Durch einen Arbeitskreis beim Bundesministerium für Umwelt, Naturschutz und Reaktorsicherheit (BMU) wurde 2012 ein Leitfaden zu "gebietseigenen Gehölzen" erarbeitet. Darin wird das Bundesgebiet in 6 Vorkommensgebiete (VKG) für Baum- und Straucharten, die nicht dem Forstvermehrungsgut-Gesetz (FoVG) unterliegen und häufig für Begrünungen in der "freien Natur" eingesetzt werden, eingeteilt:

1 = Norddeutsches Tiefland; 2 = Mittel- und Ostdeutsches Tief- und Hüggelland; 3 = Süddeutsches Hügel- und Bergland; 4 = Westdeutsches Bergland und Oberrheingraben; 5 = Schwarzwald, Württembergisch-Fränkisches Hügelland und Schwäbisch-Fränkische Alb; 6 = Alpen und Alpenvorland (verändert nach BMU (2012): „Leitfaden zur Verwendung gebietseigener Gehölze“)

Sachsen hat Anteil an zwei Vorkommensgebieten: "Mittel- und Ostdeutsches Tief- und Hügelland" (VKG 2) und "Südostdeutsches Hügel- und Bergland" (VKG 3) (DVL e.V.)

Das Sächsisches Landesamt für Umwelt, Landwirtschaft und Geologie (LfULG) stellt die Shapedatei der Karte hier zum Download zur Verfügung.
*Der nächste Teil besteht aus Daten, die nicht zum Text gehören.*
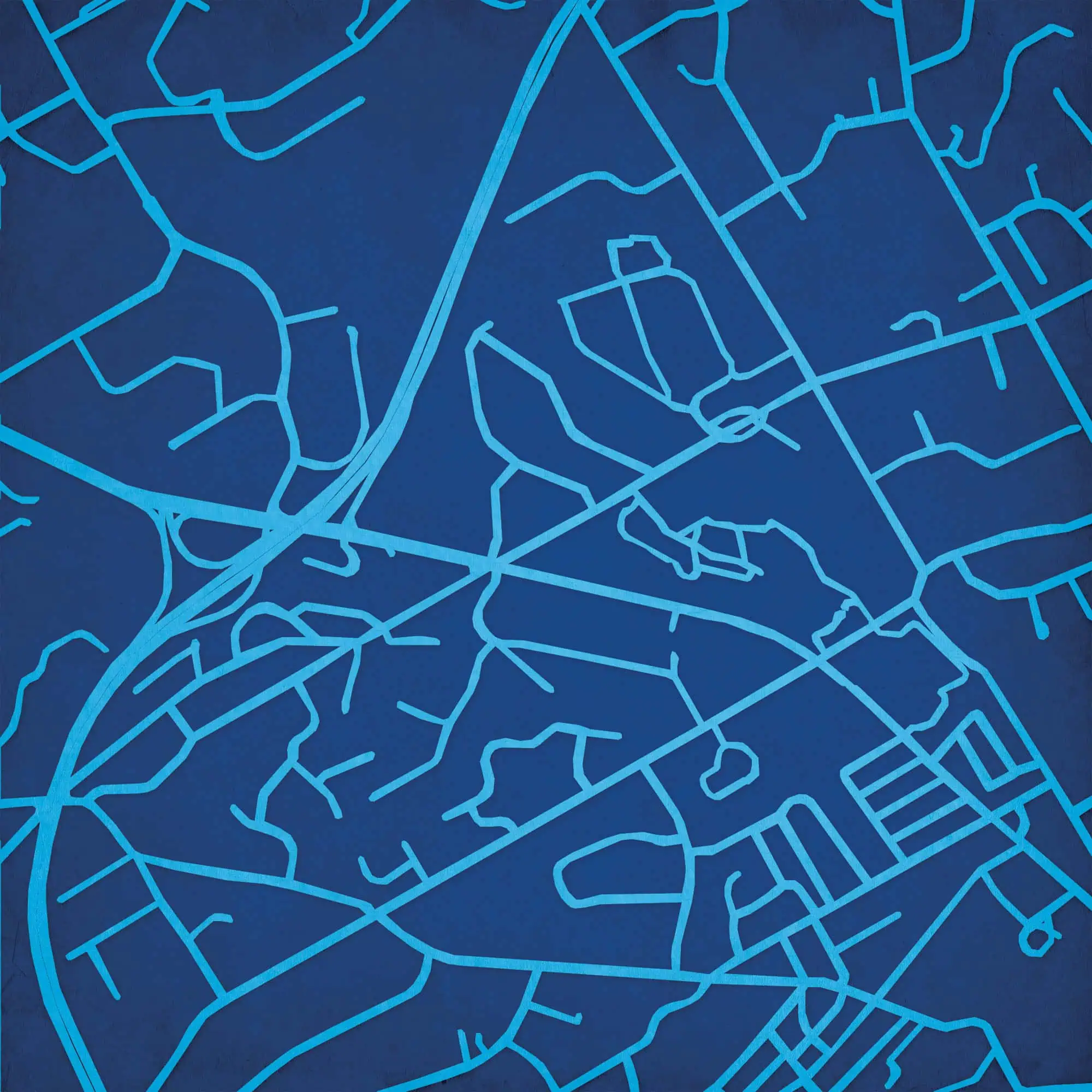 Colorful city map wall art featuring prominent street layouts and urban design, perfect for home or office decor, highlighting city navigation and geographic features.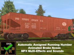 New lettering. Accommodates CMTMSystem3 car destination system. 55 ton USRA/ARA 2bay hopper. 25,000 built in 1918 alone used mostly by eastern and midwestern coal carriers. Model by Dale Pattee. Most of these hoppers were built by American Car & Foundary. Automatic Assigned Running Numbers with animated brake hoses, and MFX multi-effect with sounds. Thanks to Eldavo and Wulf_9 for their signification contributions, and other dependencies by llj, prjindigo, whitepass and winnaa. Modified mesh and reskinned by majekear.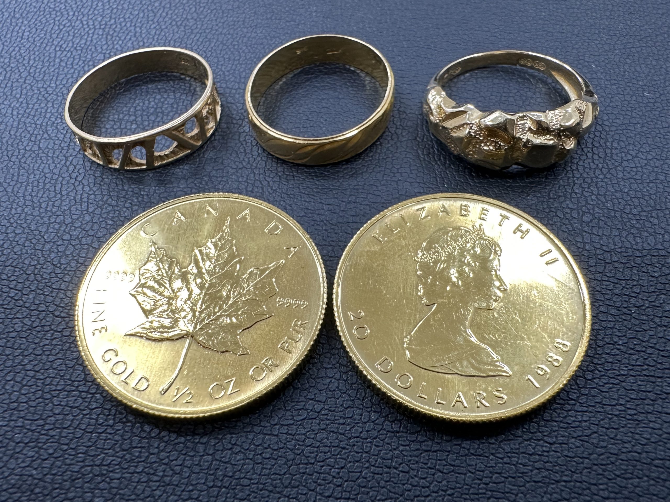 本日は、当店でお買取りさせていただいた「メープル硬貨」「プラチナの指輪」「K18の指輪」をご紹介いたします。

Für ganz Deutschland können die Grenzen der Vorkommensgebiete gebietseigener Gehölze über das Geoportal "GDI BMEL" eingesehen werden. Zukünftig wird das Bundesamt für Naturschutz (BfN) die räumliche Abgrenzung der sechs bundesweiten Vorkommensgebiete sowie weiterer länderspezifischer Unterteilungen in einem speziellen BfN-Kartendienst bereitstellen.